» Task directions
Output the listing below verbatim, without images.

» Records provided
***

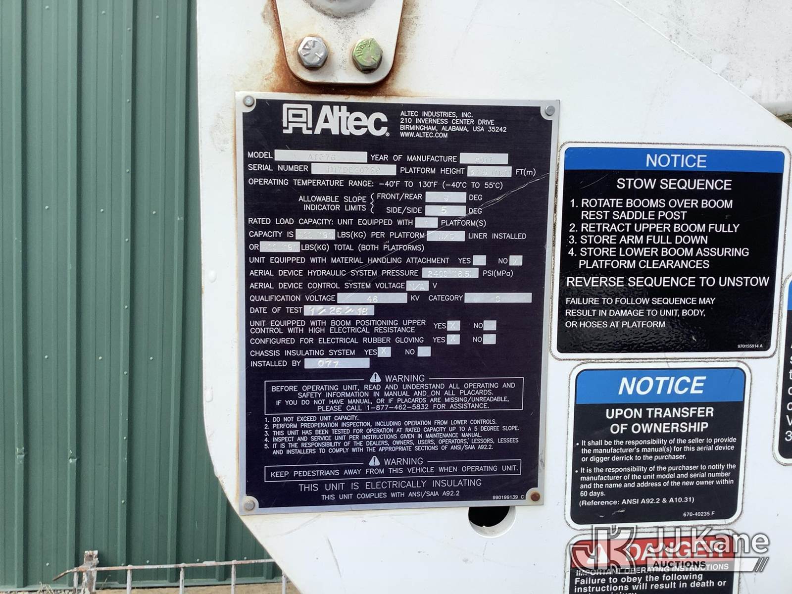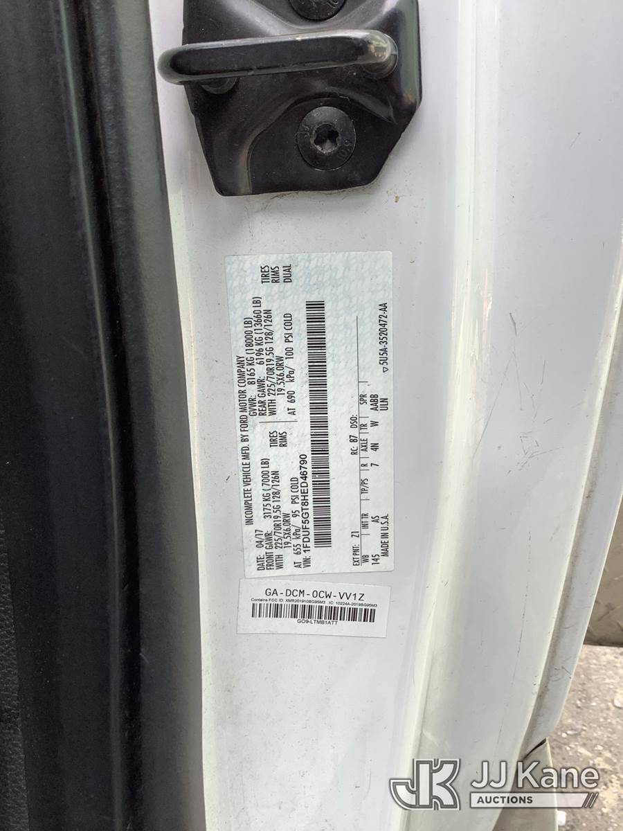 Altec AT37G, 42 ft, Articulating & Telescopic Bucket Truck s/n 1117DE20728, with single-man bucket, mounted behind cab on 2017 Ford F550 Service Truck, 6.7L V8 Diesel, Auto, A/C, (105,445 miles) (Runs, Moves & Operates, Check Engine Light On) (Removal is by Appointment Only, Buyer MUST make a appointment prior to picking up, Buyer/Transporter Must have PAID IN FULL RELEASE. No onsite assistance available, Please Come prepared.) This is a Titled Item NOTE: This unit is being sold AS IS/WHERE IS via Timed Auction and is located in Harmans, MD. Inspection & preview days for this unit are by appointment only; please contact us at contact@jjkane.com or 84-Go-JJKane for more details. For pre-sale questions, please contact the on-site office @ (443) 557-0025 or Kevin.Waggoner@JJKane.com. (Missing manuals, See Auction Company for Manufacturers Information to obtain manuals) (Buyer is responsible for removal. Assistance by consignor or JJ Kane Auctions is not assured.)
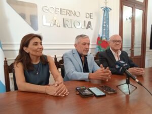 El secretario de la Gobernación Armando Molina, recibió al rector y a la vicerrectora de la Universidad Nacional de La Rioja, Daniel Quiroga y María Corzo, respectivamente, con el objetivo de avanzar en el proyecto de continuidad de la calle Ejército Argentino, a través del predio universitario.
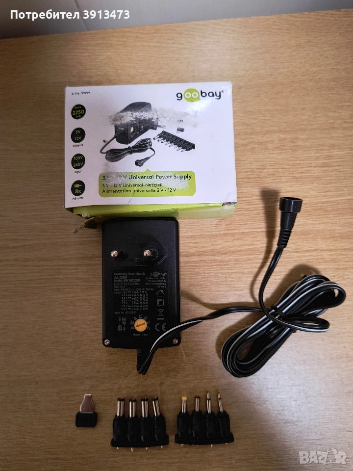 Goobay 53998 Универсално захранване 3 V - 12 V Max 27 W с адаптер 2 x Jack и 4 x DC щекера 600 mA → Обява 53217738
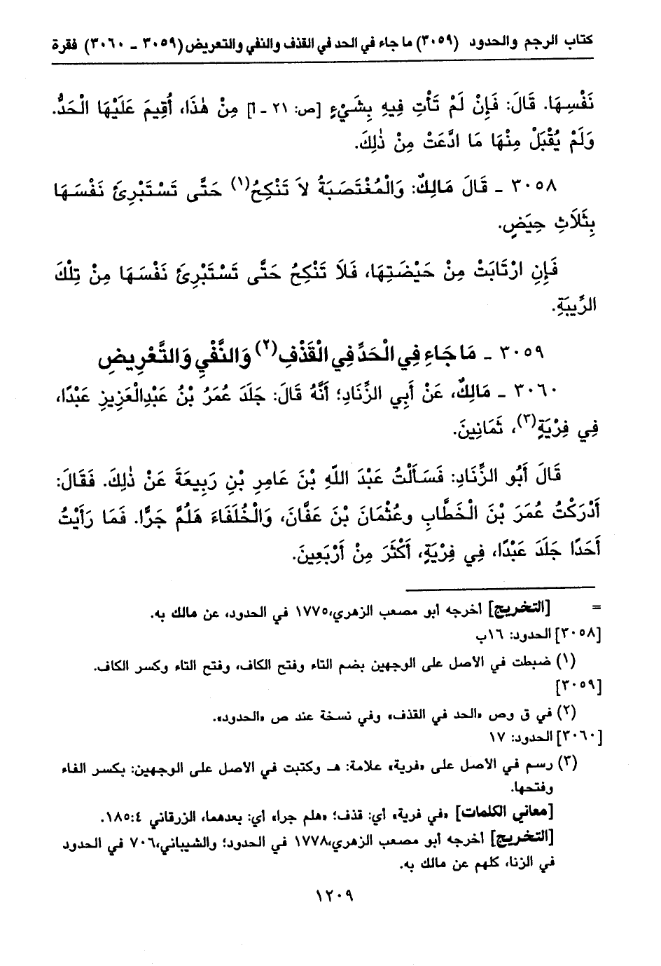 ٣٠٦٠ - مَالِكٌ، عَنْ أَبِي الزِّنَادِ؛ أَنَّهُ قَالَ: جَلَدَ عُمَرُ بْنُ عَبْدِ الْعَزِيزِ عَبْداً، فِي فِرْيَةٍ (١)، ثَمَانِينَ.
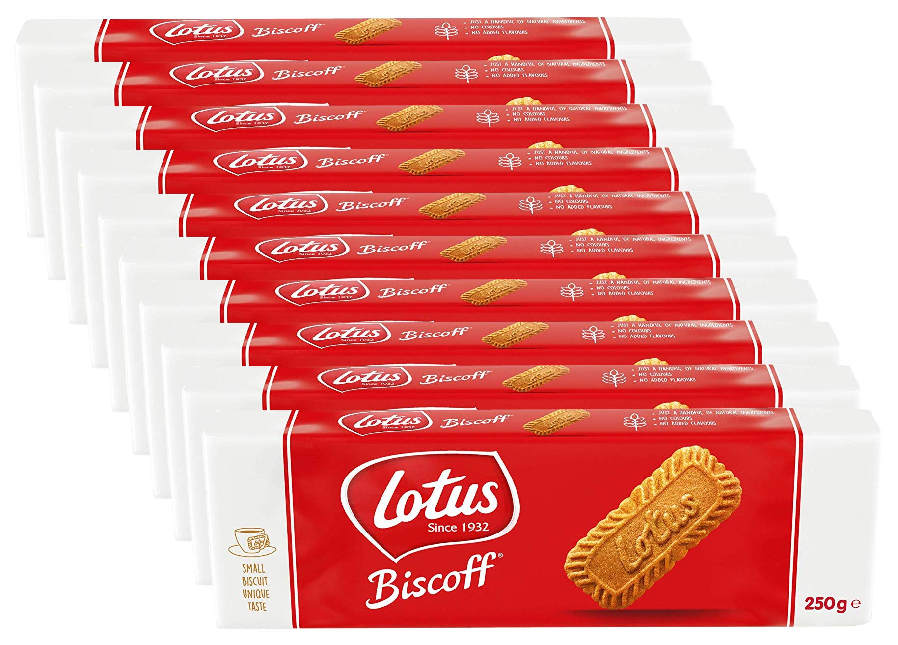 Lotus Biscoff biscuits are a type of shortbread biscuit known as "speculoos," a Belgian specialty popular throughout Europe. Their unique flavor comes from the caramelization of the sugar during the baking process. A touch of cinnamon and other spices adds a special touch. The box contains 10 boxes of 250g each, for a total of 2500g of Lotus biscuits. INGREDIENTS Wheat flour, sugars, vegetable oils (certified sustainable palm oil, rapeseed oil), candied syrup, raising agent (sodium bicarbonate), soy flour, salt, cinnamon.
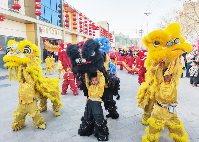 库尔勒市第十小学少儿舞龙舞狮队惊艳亮相梨城美食街新春社火巡游。(记者 杨柳青 摄)
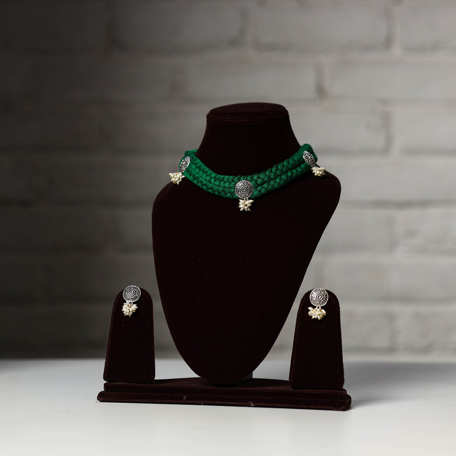 Enhance your style with this green thread work german silver necklace set, featuring intricate thread detailing and matching earrings. Lightweight and versatile, it’s perfect for pairing with ethnic or modern outfits. Ideal for everyday wear or special occasions, this set adds a subtle yet striking finish to your look. German silver jewelry has gained popularity due to its affordability, durability, and resemblance to silver. It's often used as a more economical alternative to sterling silver.
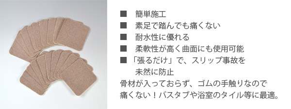 8cm×8cmのゴム状の滑り止めテープです。バスルームなどの水回りに最適です。骨材は配合されていないので、素足でも違和感がありません。 素材との密着強度も高く、剥がれにくいのが特徴です。
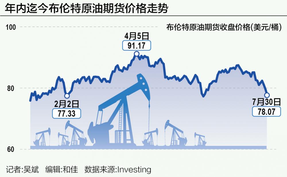 在多重利空拖累下,国际油价一度跌至近两个月低点。7月30日,布伦特原油期货下跌1.4%至78.63美元/桶,美国原油期货下跌1.4%至74.73美元/桶。
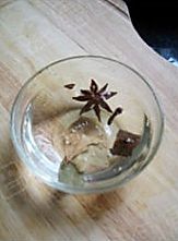 八角、香叶、桂皮,丁香洗干净,用清水泡一下。
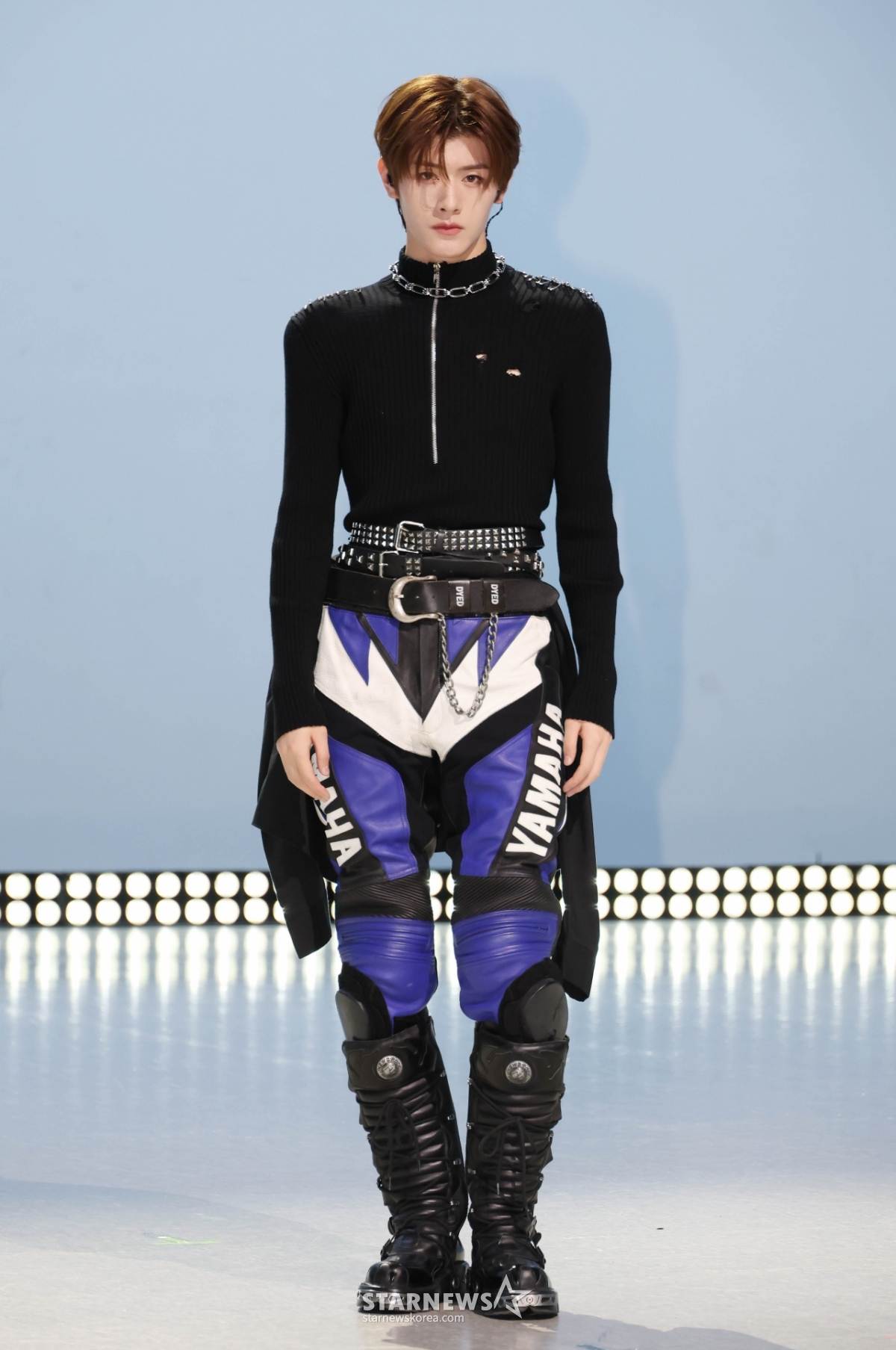 5인조 신인 보이그룹 AM8IC(엠빅) 청이가 10일 오후 서울 마포구 상암동 MBC 공개홀에서 진행된 첫 번째 EP ‘LUKOIE'(루코이에) 발매기념 쇼케이스에서 포즈를 취하고 있다.
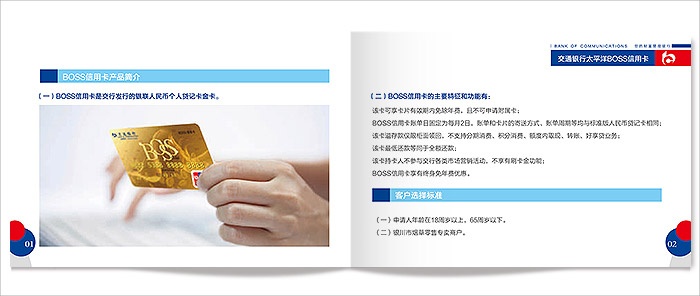 為交通銀行推廣太平洋BOSS信用卡設(shè)計(jì)宣傳冊(cè)頁。

***

» Solution below
 Altec AT37G, 42 ft, Articulating & Telescopic Bucket Truck s/n 1117DE20728, with single-man bucket, mounted behind cab on 2017 Ford F550 Service Truck, 6.7L V8 Diesel, Auto, A/C, (105,445 miles) (Runs, Moves & Operates, Check Engine Light On) (Removal is by Appointment Only, Buyer MUST make a appointment prior to picking up, Buyer/Transporter Must have PAID IN FULL RELEASE. No onsite assistance available, Please Come prepared.) This is a Titled Item NOTE: This unit is being sold AS IS/WHERE IS via Timed Auction and is located in Harmans, MD. Inspection & preview days for this unit are by appointment only; please contact us at contact@jjkane.com or 84-Go-JJKane for more details. For pre-sale questions, please contact the on-site office @ (443) 557-0025 or Kevin.Waggoner@JJKane.com. (Missing manuals, See Auction Company for Manufacturers Information to obtain manuals) (Buyer is responsible for removal. Assistance by consignor or JJ Kane Auctions is not assured.)
 El secretario de la Gobernación Armando Molina, recibió al rector y a la vicerrectora de la Universidad Nacional de La Rioja, Daniel Quiroga y María Corzo, respectivamente, con el objetivo de avanzar en el proyecto de continuidad de la calle Ejército Argentino, a través del predio universitario.
 Goobay 53998 Универсално захранване 3 V - 12 V Max 27 W с адаптер 2 x Jack и 4 x DC щекера 600 mA → Обява 53217738
 ٣٠٦٠ - مَالِكٌ، عَنْ أَبِي الزِّنَادِ؛ أَنَّهُ قَالَ: جَلَدَ عُمَرُ بْنُ عَبْدِ الْعَزِيزِ عَبْداً، فِي فِرْيَةٍ (١)، ثَمَانِينَ.
 Lotus Biscoff biscuits are a type of shortbread biscuit known as "speculoos," a Belgian specialty popular throughout Europe. Their unique flavor comes from the caramelization of the sugar during the baking process. A touch of cinnamon and other spices adds a special touch. The box contains 10 boxes of 250g each, for a total of 2500g of Lotus biscuits. INGREDIENTS Wheat flour, sugars, vegetable oils (certified sustainable palm oil, rapeseed oil), candied syrup, raising agent (sodium bicarbonate), soy flour, salt, cinnamon.
 库尔勒市第十小学少儿舞龙舞狮队惊艳亮相梨城美食街新春社火巡游。(记者 杨柳青 摄)
 Enhance your style with this green thread work german silver necklace set, featuring intricate thread detailing and matching earrings. Lightweight and versatile, it’s perfect for pairing with ethnic or modern outfits. Ideal for everyday wear or special occasions, this set adds a subtle yet striking finish to your look. German silver jewelry has gained popularity due to its affordability, durability, and resemblance to silver. It's often used as a more economical alternative to sterling silver.
 8cm×8cmのゴム状の滑り止めテープです。バスルームなどの水回りに最適です。骨材は配合されていないので、素足でも違和感がありません。 素材との密着強度も高く、剥がれにくいのが特徴です。
 在多重利空拖累下,国际油价一度跌至近两个月低点。7月30日,布伦特原油期货下跌1.4%至78.63美元/桶,美国原油期货下跌1.4%至74.73美元/桶。
 八角、香叶、桂皮,丁香洗干净,用清水泡一下。
 5인조 신인 보이그룹 AM8IC(엠빅) 청이가 10일 오후 서울 마포구 상암동 MBC 공개홀에서 진행된 첫 번째 EP ‘LUKOIE'(루코이에) 발매기념 쇼케이스에서 포즈를 취하고 있다.
 為交通銀行推廣太平洋BOSS信用卡設(shè)計(jì)宣傳冊(cè)頁。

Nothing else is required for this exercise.